House committee examines incident that separated Syrian pregnant woman at full term from family


More shocking details have emerged about a Syrian refugee’s ordeal in Cyprus, with police saying they were unaware last month they were separating a pregnant woman from her family during a pushback while some members of a House committee told a different story.

According to local media, Green party MP Alexandra Attalides registered the issue of Kawther Abdalaziz with the House Human Rights committee which held a hearing this week.

Abdalaziz, a Syrian woman who gave birth in a state hospital a day after reaching the island on a refugee boat, was the only one left behind before all others, including her husband and kids, were ferried back to Lebanon under Cypriot police escort on the basis of a controversial agreement between Beirut and Nicosia.

Previous reports by the Cyprus News Agency said she was transported to Famagusta General Hospital where she went into labor, giving birth to a healthy baby boy.

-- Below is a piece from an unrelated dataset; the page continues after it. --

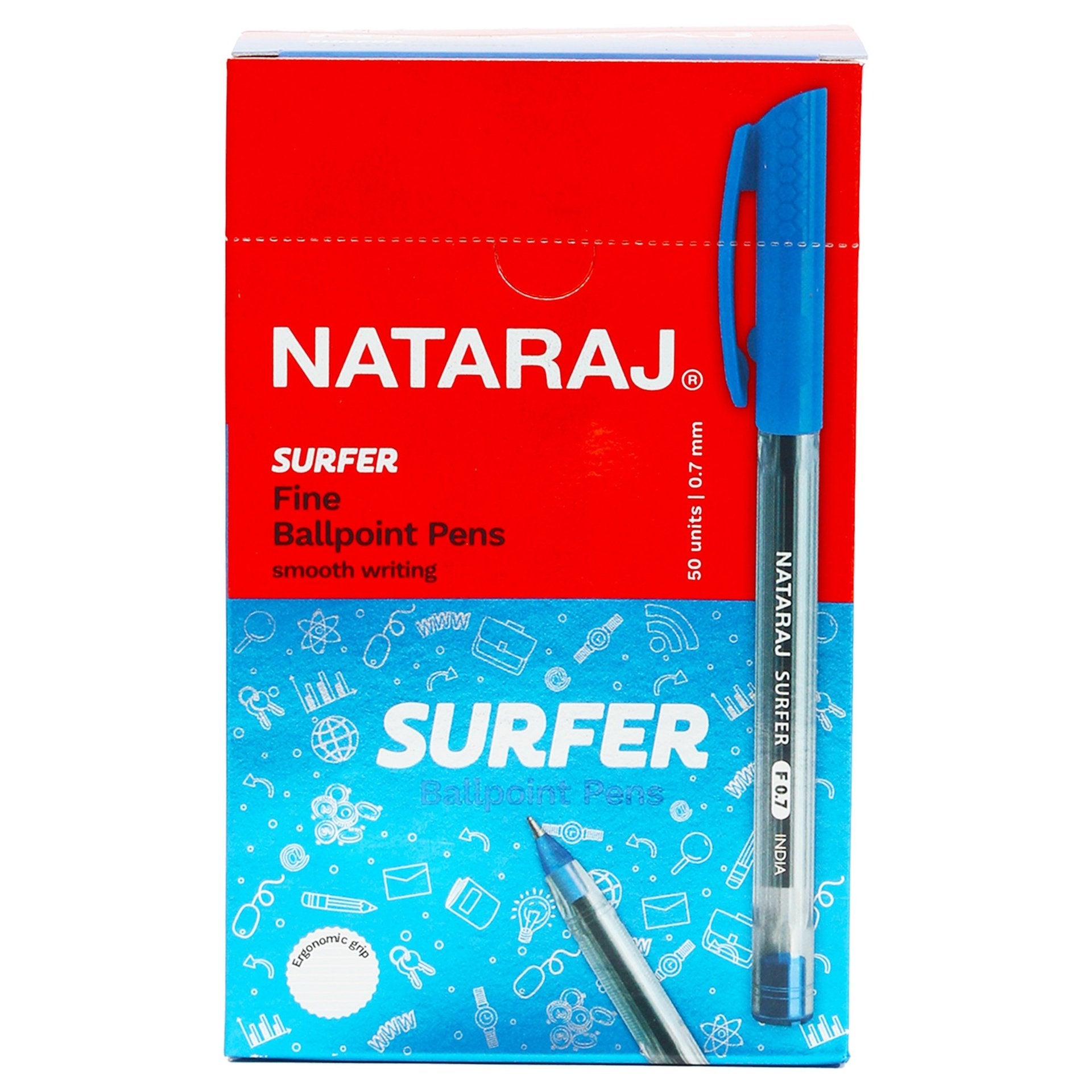 The Nataraj Surfer Fine Ball Pen is a sleek and reliable writing instrument that combines a modern design with smooth performance. This convenient bulk pack contains 50 pens with vibrant blue ink, making it an excellent and economical choice for classrooms, offices, and large groups. The pen features a fine 0.7mm tip that delivers a clean and precise line, ensuring a comfortable and skip-free writing experience every time. Its lightweight, stylish body and secure pocket clip make it both functional and easy to carry.

But participants in the committee hearing say the asylum applicant, who has also filed a petition to be reunited with her husband and two young children in Cyprus, tell a different story of what transpired and how she was treated on August 22.

While she was at very end of the final trimester of her pregnancy, according to Attalides, the woman was separated from her husband and her two other children, adding she was turned away at the hospital in Paralimni due to lack of space.

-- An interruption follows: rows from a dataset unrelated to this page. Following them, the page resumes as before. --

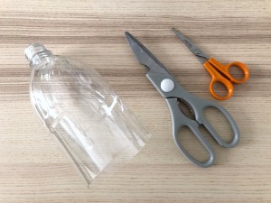 2 • Faire une entaille avec les gros ciseaux dans le bas, assez loin du haut de la bouteille, en pinçant légèrement la bouteille • Couper le bas de la bouteille avec les gros ciseaux • Couper la cloche au niveau du trait de feutre avec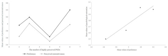 3.4. Relationship between the Number of Highly Perceived PSDs, Preference and Psychological Restoration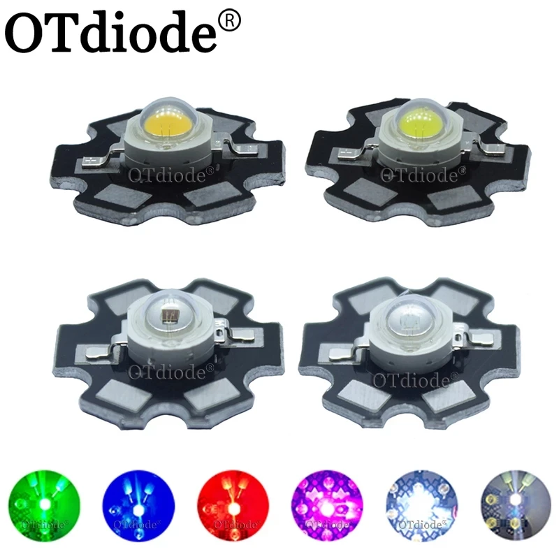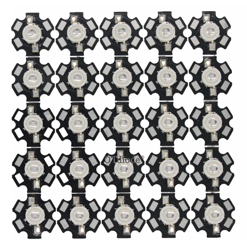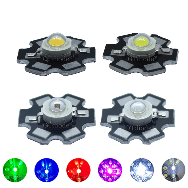 Светодиодный высокой мощности, 10 шт., 1 Вт, 3 Вт, белый, теплый, белый, зеленый, синий, темно-красный, 660нм, королевский синий, с 20 мм черной звездой, печатной платой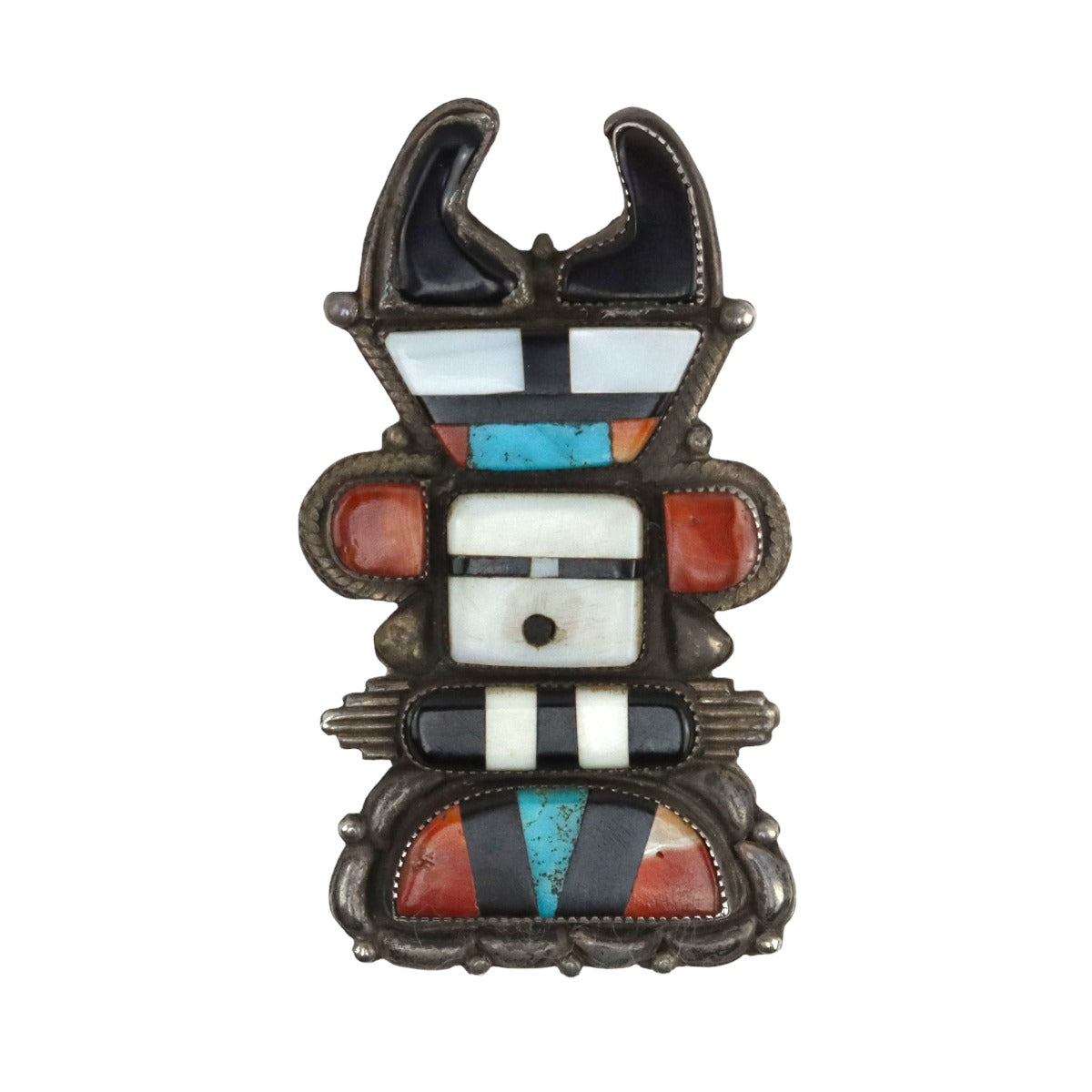 Zuni Multi-Stone Inlay and Silver Kachina Pin/Pendant c. 1940s, 2.5" x 1.25" (J15076-CO-008)

“As a result, the woman was left on a wooden pier at the Ayia Napa port the entire night until the next morning when she was taken to Larnaca hospital where she gave birth,” the MP said.

Police official Thomas Kyriakou, who represented law enforcement at the hearing, said after the refugee boat was intercepted, a male nurse visited the vessel and gave instructions for Abdalaziz to be seen by a gynecologist.

“She was initially transported to the hospital in Paralimni, where she was examined, and she was deemed to be in good health and so she was returned back to the boat,” Kyriakou said.

But instead they pulled them several kilometers further out and left them without water or food the whole night until the next day when the refugees were taken back to Lebanon

Abdalaziz was then deemed to be in need of medical care the following morning, the police official said, adding that she was taken to Larnaca General where she gave birth.

“Police had no information whatsoever that the husband, children, or any family relatives of the pregnant woman had been on board the vessel,” Kyriakou stated.

But AKEL MP Giorgos Koukoumas revealed that on August 23, before the refugee boat was scheduled to reach Lebanon, the left party’s leader Stefanos Stefanou had personally phoned Interior Minister Nikos Nouris to let him know “the pregnant lady has relatives on that boat.”

“So the minister knew about it,” Koukoumas told the committee.

Migration officials at the hearing said the department had no knowledge and further clarified that officials could only look into her situation after she could step on land where she could file for asylum.

This prompted a reaction from Attalides who wanted to follow up on the police representative who said they “didn’t know.”

“He said nobody had told police that night that the husband and children were on that boat, but you can understand it is not possible for a woman in that condition to stay quiet when she is being separated from her husband and kids,” the MP said.

According to KISA director Doros Polykarpou, who also attended the hearing at the invitation of Attalides, the pushback policy currently in place “does not only violate refugee laws but subjects people to inhuman and degrading treatment.”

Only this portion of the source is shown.